Posted By: tradingest

VAR (Value at Risk) - 01/05/19 18:29

Hi guys,

anybody use the formula or indicator to obtain the correct VAR of a portfolio strategy?

Wikipedia def
What is the VAR? Value at risk (VaR) is a measure of the risk of loss for investments. It estimates how much a set of investments might lose (with a given probability), given normal market conditions, in a set time period such as a day. VaR is typically used by firms and regulators in the financial industry to gauge the amount of assets needed to cover possible losses. For a given portfolio, time horizon, and probability p, the p VaR can be defined informally as the maximum possible loss during the time if we exclude worse outcomes whose probability is less than p. This assumes mark-to-market pricing, and no trading in the portfolio.[1] For example, if a portfolio of stocks has a one-day 5% VaR of $1 million, that means that there is a 0.05 probability that the portfolio will fall in value by more than $1 million over a one-day period if there is no trading. Informally, a loss of $1 million or more on this portfolio is expected on 1 day out of 20 days (because of 5% probability).
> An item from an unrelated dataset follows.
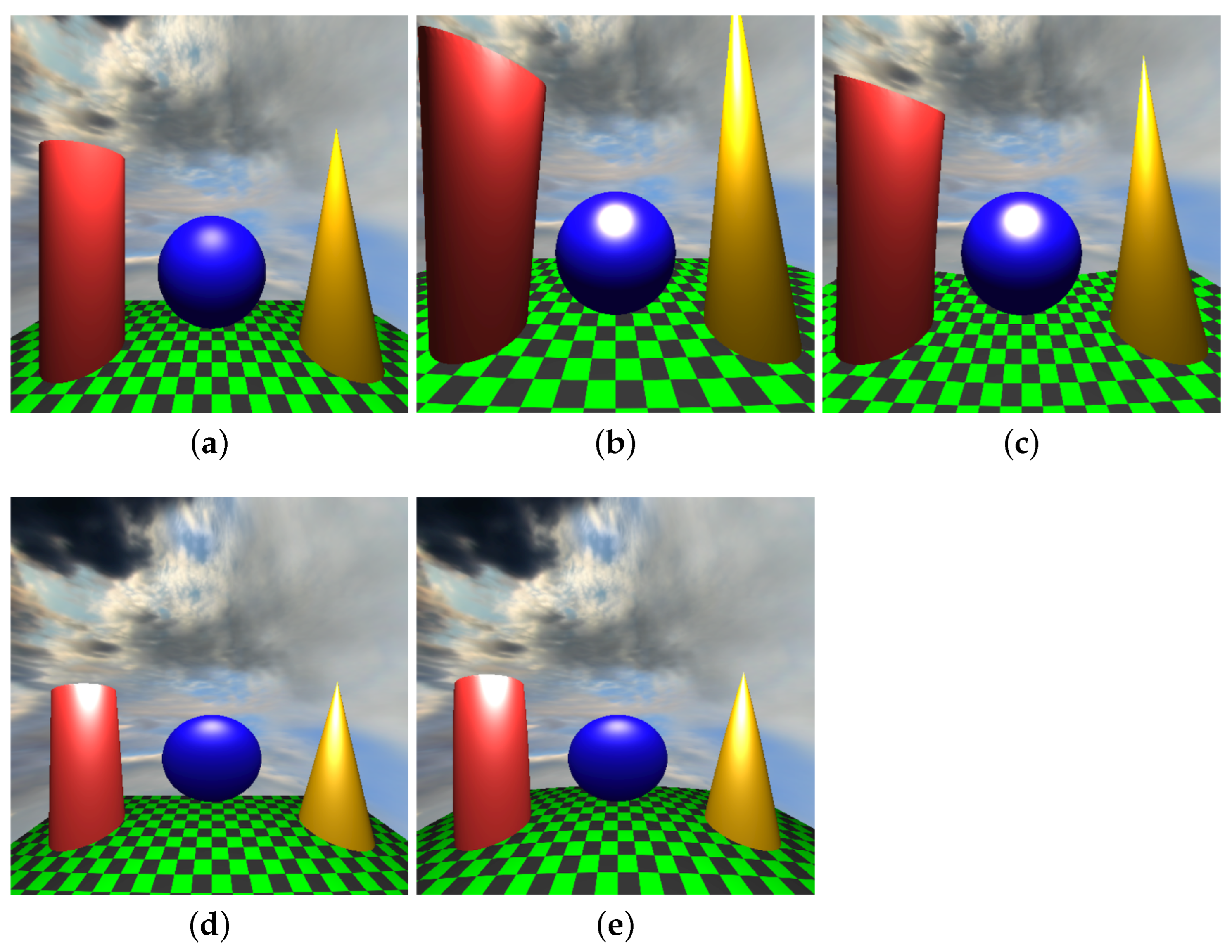 26). When objects are transformed, the normal vectors are also updated. During illumination computation, we applied the diffuse-specular Phong–Blinn model depending on the transformed normal, illumination, and viewing directions. The unit viewing direction

Follow us for a good trading

Thanks
Posted By: MaskOfZorro

Re: VAR (Value at Risk) - 01/07/19 16:21

What's the question?

Never done it in Zorro, but Zorro lets you find covariances and construct a covariance matrix

Quote:
/ generate covariance matrix
for(i=0; i<N; i++)
for(j=0; j<N; j++)
Covariances[i][j] = Covariance(Returns[i],Returns[j],DAYS);


The you just need the weights vector and to perform matrix multiplication



Then multiply the portfolio value by the calculated portfolio sigma and the appropriate z-score for the confidence level you want (e.g. 1.645 for 95%).